Senior BJP leader and Law Minister Ravi Shankar Prasad describes the present phase as a graduation from the “politics of want” in the post-Independence period to the “politics of identity” and now “politics of aspiration and change”.

“I see these as distinct periods of evolution of the Indian state and society. From the ‘ mai-baap sarkar’ phase where licence-quota-permit Raj prevailed in the politics of want, India graduated to identity politics where regional, linguistic, caste and religious identities became the basis for partisan support base of different political formations. Now is the phase of political of hope, and Prime Minister Narendra Modi is the biggest symbol of change and hope for the future,” Prasad says.

There is a “credibility and trust quotient” that the PM encompasses in his capacity as the most attractive vote-catcher for the BJP. He retains, within his personality, shades of different caste and religious identities that still influence voter behaviour. “But most importantly, he is seen as someone who will deliver and act in good faith. The voter trusts him to take decisions for his benefit,” says the BJP leader.

According to Prasad, the BJP’s rise rests on the PM’s ability to keep faith with the voter; in continually targeting the PM, the Opposition has missed the point that the voter still trusts Modi. “We continue to expand because the Opposition’s understanding of the BJP and its leader is still rooted in the past. They have not realised that it is a new India and the voter is responding to a positive agenda set by the PM,” he says.

The counterview is that the BJP is cynically creating communal divisions to consolidate the Hindu vote, besides using state power to target and crush political opponents. Among the Opposition parties, it now seems to be political necessity to forge a Grand Alliance of all regional satraps with the Congress — for which the upcoming Presidential elections will be tested as a dry run. For the purpose, a call for a Grand Alliance against the BJP in the 2019 Lok Sabha elections was made on May 1 by socialists with the Congress and the communists.

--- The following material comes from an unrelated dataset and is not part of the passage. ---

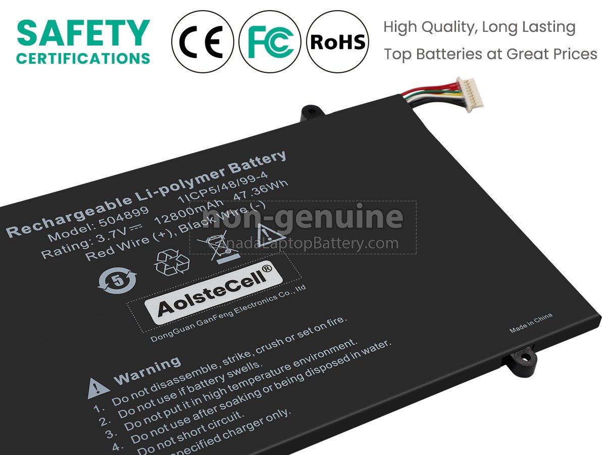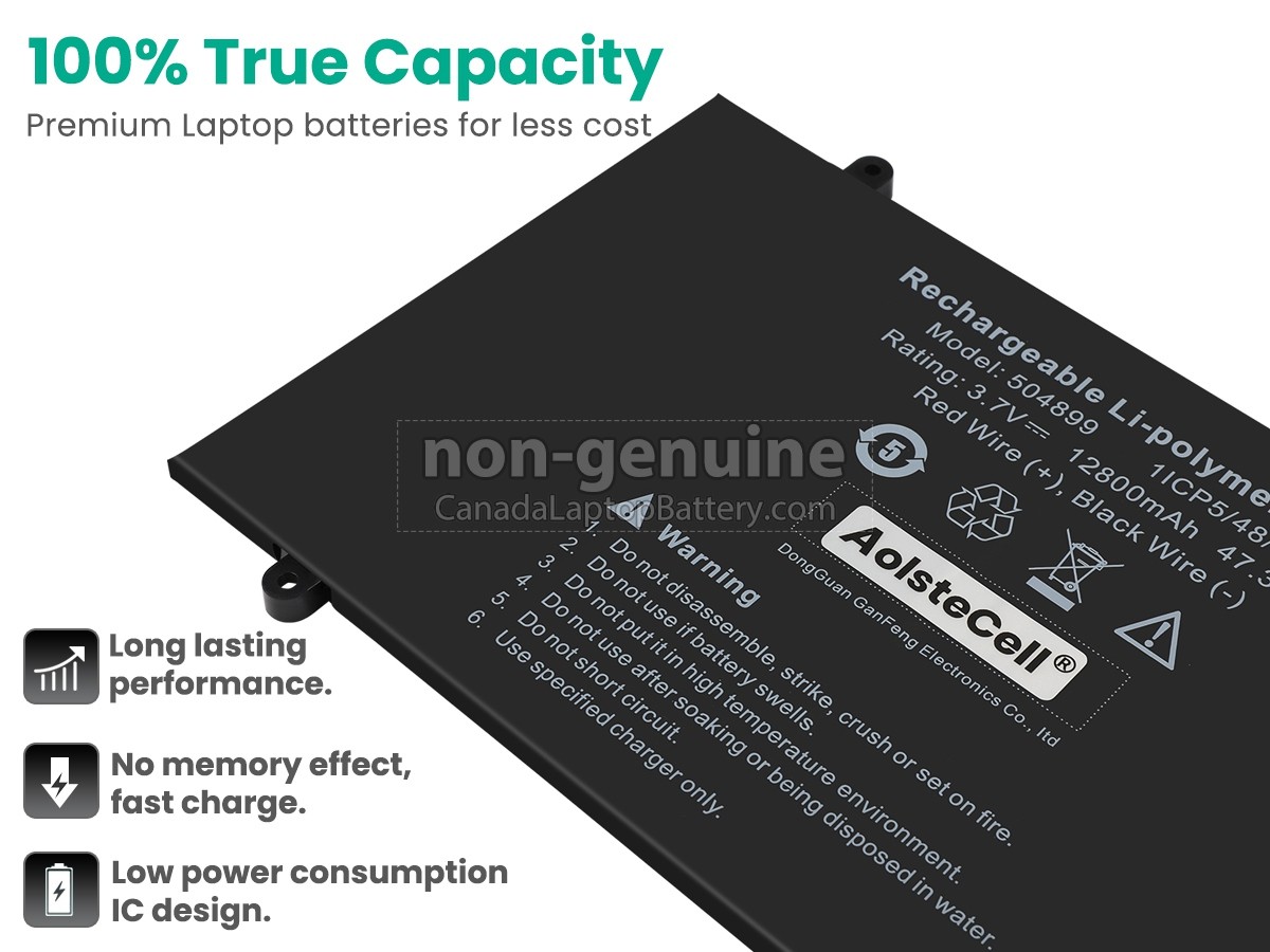 Our requirements for safety performance are extremely strict, and each replacement battery for AolsteCell 504899 has gone through more than one hundred strict tests on the quality and safety. More importantly, our AolsteCell 504899 laptop batteries are sold directly on the network, without other agents profits included. Thus, the AolsteCell 504899 battery price that you see on our website will be 20-50% lower than our competitors in general. If you find a cheaper AolsteCell 504899 replacement battery on the competitive website, please let us know that and we will solve this problem for you.

Playing to Modi’s strengths

But in the absence of a charismatic leader to match Modi’s rhetoric and appeal, the Opposition is wary of turning the 2019 elections into a “clash of personalities”. Congress General Secretary Digvijay Singh warned his allies that like Indira Gandhi in 1971, Modi will find it easy to trounce an alliance that focusses too much on him.

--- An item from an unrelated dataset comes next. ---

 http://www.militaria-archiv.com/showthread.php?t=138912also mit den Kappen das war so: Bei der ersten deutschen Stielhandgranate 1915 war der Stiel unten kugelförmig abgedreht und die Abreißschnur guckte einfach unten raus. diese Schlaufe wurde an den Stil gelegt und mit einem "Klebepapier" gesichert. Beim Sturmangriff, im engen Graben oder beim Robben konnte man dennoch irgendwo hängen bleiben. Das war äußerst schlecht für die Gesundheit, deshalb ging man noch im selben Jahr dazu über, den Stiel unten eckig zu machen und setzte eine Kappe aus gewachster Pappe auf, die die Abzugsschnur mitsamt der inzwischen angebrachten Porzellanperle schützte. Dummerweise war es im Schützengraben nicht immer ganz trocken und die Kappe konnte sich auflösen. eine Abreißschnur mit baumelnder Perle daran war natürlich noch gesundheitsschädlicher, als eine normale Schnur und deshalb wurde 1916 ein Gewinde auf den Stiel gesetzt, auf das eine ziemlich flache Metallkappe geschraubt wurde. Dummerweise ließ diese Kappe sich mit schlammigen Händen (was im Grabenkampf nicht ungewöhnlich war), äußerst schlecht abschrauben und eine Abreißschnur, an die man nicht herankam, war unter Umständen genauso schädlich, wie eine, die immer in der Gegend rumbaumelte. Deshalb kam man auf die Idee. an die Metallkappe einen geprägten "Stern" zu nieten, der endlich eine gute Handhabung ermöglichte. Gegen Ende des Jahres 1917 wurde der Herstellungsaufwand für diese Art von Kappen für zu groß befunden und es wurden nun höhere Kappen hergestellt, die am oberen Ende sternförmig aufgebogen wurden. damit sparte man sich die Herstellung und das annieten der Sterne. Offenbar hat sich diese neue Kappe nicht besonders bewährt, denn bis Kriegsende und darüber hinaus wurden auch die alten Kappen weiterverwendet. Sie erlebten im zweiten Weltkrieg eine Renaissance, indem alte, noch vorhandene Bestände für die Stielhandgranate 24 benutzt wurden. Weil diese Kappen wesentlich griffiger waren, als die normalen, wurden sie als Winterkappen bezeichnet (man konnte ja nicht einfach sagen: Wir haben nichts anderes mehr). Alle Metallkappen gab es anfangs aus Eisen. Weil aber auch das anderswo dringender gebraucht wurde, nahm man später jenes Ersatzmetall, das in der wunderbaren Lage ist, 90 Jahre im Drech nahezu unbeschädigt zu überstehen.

“We need to focus on issues rather than personalities. What we need to oversee is that we do not end up repeating what happened in 1971 when Mrs Indira Gandhi defeated a united opposition by the simple slogan – Voh kehte hain Indira Hatao, Mein kehti hoon garibi hatao (They say remove Indira, I say remove poverty),” Singh warned his allies.

According to Sharad Yadav, the chief protagonist of the Grand Alliance (along with Sitaram Yechury of the CPI(M) and Congress President Sonia Gandhi), the Opposition needs to find a positive agenda and fight the BJP jointly.

“The BJP is employing its Goebbelsian tactics to mislead people. Every week they raise a different non-issue – demonetisation, anti-Romeo Squad, cow protection – to divert attention from the fact that none of the promises they made in 2014 have been fulfilled. Where are the two crore jobs every year promised by Modi? Where is the 50 per cent over the input cost that was promised as MSP to the farmer? And they are use state power to target opponents. Their rhetoric will only be busted if we pool our resources. We are fighting an authoritarian force,” Yadav says.

But if it is an “authoritarian” force, it is still ruling through popular support. That the Opposition is losing successive elections and has no face to match the popularity of the Prime Minister only adds fuel to the BJP juggernaut on a roll.